Some marketing stories also extend beyond the boundaries of games. A recent example is the belief that games are dangerous or induce violence (here, the market is political rather than monetary). Another is (approaching defunct) San Francisco Revolution view that meaning, behaviours, community and education can all be melded into noble businesses through gaming. This story is what gave virtual worlds and alternate reality games their impetus five years ago, which is currently driving gamification and – when gamification finally falls away, as is inevitable – will likely propel augmented reality.
The important word here is belief. Marketing stories are not rational analyses based on studying metrics or performance; they are derived largely from a narrativised understanding of games and what they mean. They often have historical roots, an idealised origin story, and leader figures who propel them. This is why many Kickstarter-funded games tended to gather around game designers of yesteryear, but equally the story can be more consensual (such as for the Ouya).
All the most infectious marketing stories tend to be future-forward in their thinking. Cynics may roll their eyes, but phrases like “We need 21 billion hours of gaming to save the world” (a Jane McGonigalism) inspire imagination. One marketing story forming around a future-forward idea is that of 3D printing. For legions of war game fans, the idea that we will be able to download and print miniature armies in the future is positively erotic.

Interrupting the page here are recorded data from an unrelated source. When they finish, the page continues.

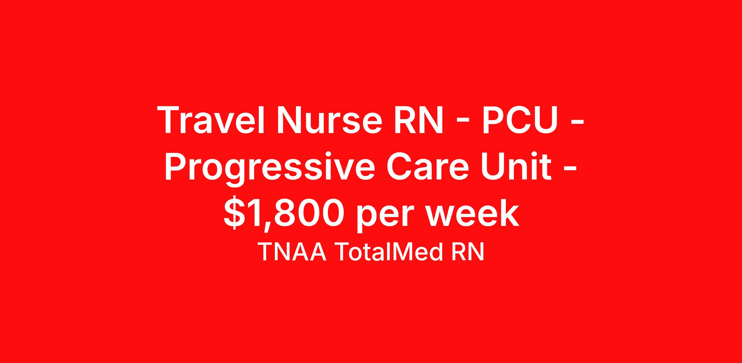Travel Nurse RN - PCU - Progressive Care Unit - $1,800 per week
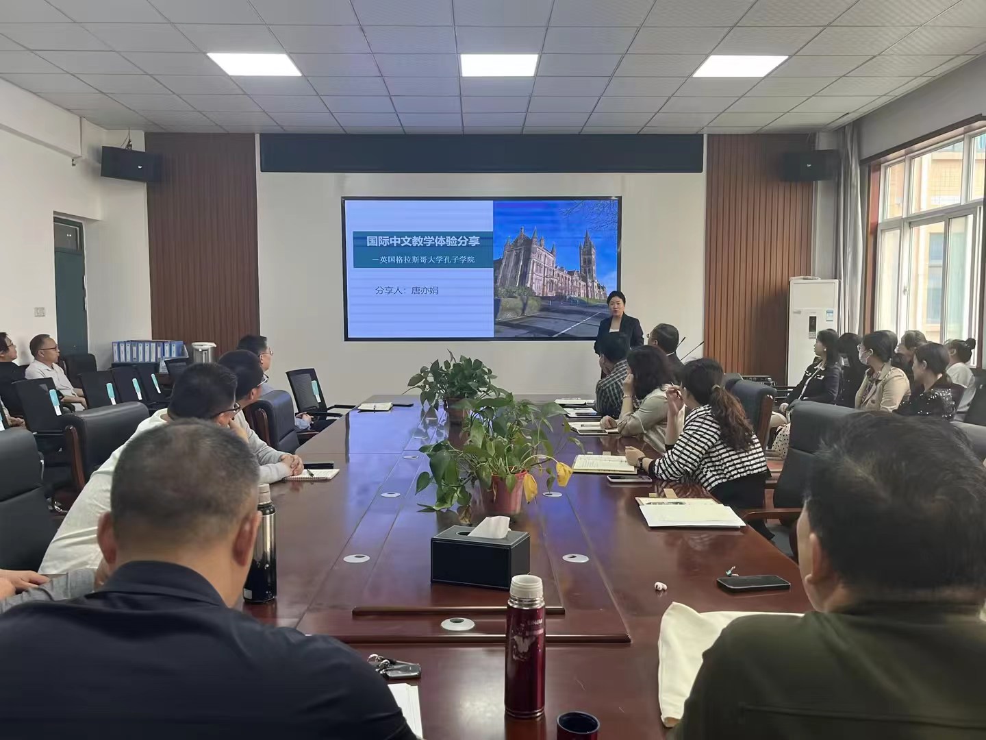 报告开始前,张换成对唐亦娟副教授赴英国格拉斯哥大学孔子学院就职的情况做了简单介绍。报告中,唐亦娟副教授从英国格拉斯哥大学孔子学院介绍、教学、文化交流与推广活动、文化差异、跨文化适应过程的挫折期、对大学英语教学工作的启发等六个方面分享了在孔子学院授课的体验和收获。整场报告内容新颖、氛围活泼,深受现场观众的喜爱。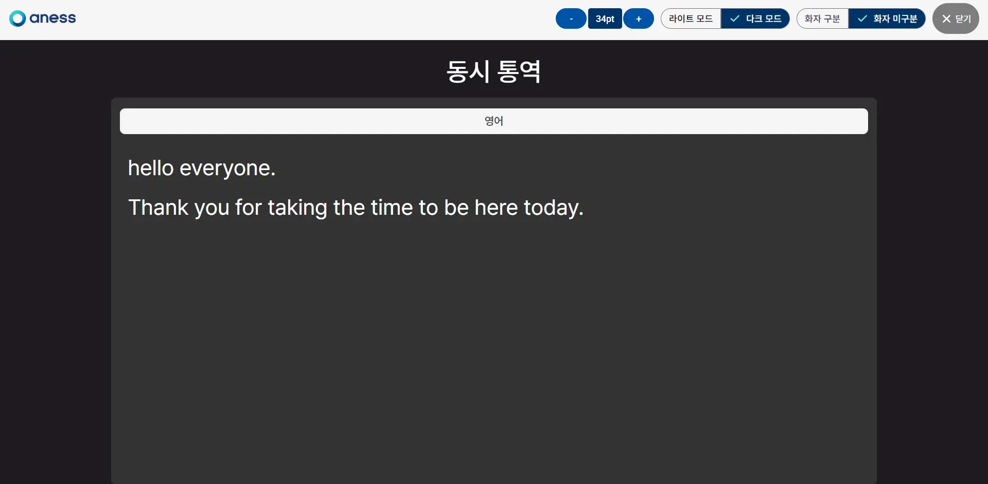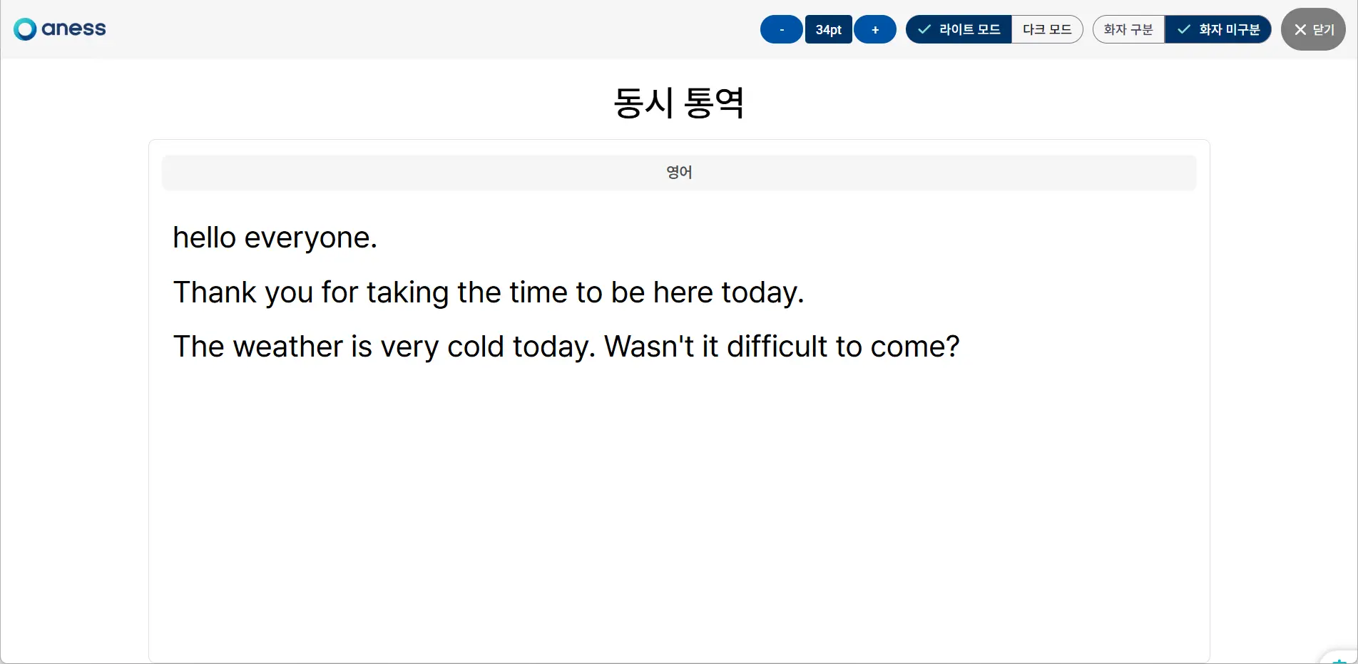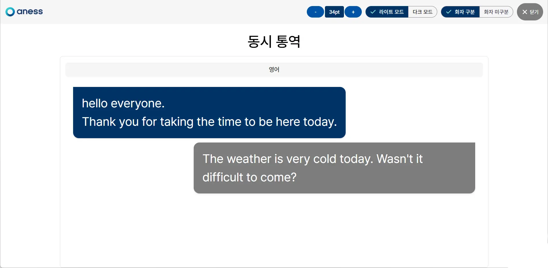 발표자나 강의가 바뀌어 새로운 내용만 보이게 하고 싶은데 종료 후 재시작하기 번거로우셨다고요? 이제 기존 발화 내용을 지우고, 일시정지를 했다가 재시작 해보세요🗑️ 통역창을 나가지 않아도 화면을 정리한 뒤 새로 시작할 수 있습니다.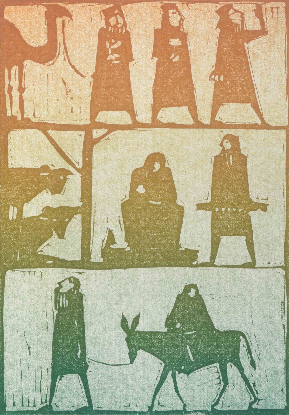 Farvet træsnit opdelt i tre billedfelter. Øverst de hellige tre konger med kamel, i midten Jomfru Maria og Josef, nederst flugten til Egypten med Maria ridende på et æsel. Trykt i grønne og orange nuancer, der skaber en ikonisk og dekorativ fremstilling.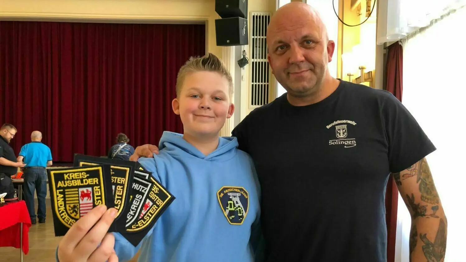 Der elfjährige Nicklas Eckhoff aus Solingen ist ein Abzeichenjäger. Seine Sammlung von Feuerwehr-Abzeichen ist groß. Er hat zu Hause in Solingen mehr als 13.000 Abzeichen. Rechts sein Vater Christian. Er ist Feuerwehrmann, wie sein Vater es war.

For games, these passions have always existed. However Kickstarter (and to a lesser extent other services like Indiegogo and Steam Greenlight) have made them more directly expressible, and this is a capacity to which neither aggregators nor power plays generally have access. It’s somewhat pat to say, but the way that the network connects is fuelling both a fragmentation of the existing industry and a new generation of heroes. But it’s also creating a strong sense of disruption.
This newfound tribal funding and evangelism model has appeared at a time when the official industry finds itself in a deeply troubled state. Nobody’s really sure whether they even want a new console anymore, or a gaming PC, or whatever. Developers have no idea which market will be the hot ticket, or which might at least allow them to survive. The metrics simply do not track fast enough for anyone to have a firm grasp on what the hell is going on anymore.
To some, there is an element of the transitional yips about 2012. Fine, they might say. It’s all well and good for the moment for Kickstarter to be doing its thing, but just wait until there’s a crash, a scam or something else to take the shine off. Just wait until old-school game designers like Peter Molyneux come in and wreck it. Just wait until E3, when Xbox3 and PS4 roll in and the industry gets back to “normal” once again.
Personally I think the crowdfunding story has struck hard and deep because it’s as significant a shift as going from physical to digital shopping. As we know from reading all about long tails and the like, the digital landscape allows users to connect to the interests they care about rather than just the ones they are served, and this tends to cause all sorts of unexpected effects. The market becomes much more chaotic, more thousand-niche-like, and the paths to success all look like long-odd bets. In such situations, only a marketing story tends to survive.
Marketing stories don’t tend to fizzle out that quickly, even if the leader of the story makes missteps. The crowd proves willing to forgive as long as it feels kept in the loop. It wants to see the future that the story promises. They believe what they believe, no matter what. That fountain is always regenerating, always has new heroes to step in and push the story forward, and new enemies to fight.
And now that the true believers can participate directly, that is what they are going to continue to do.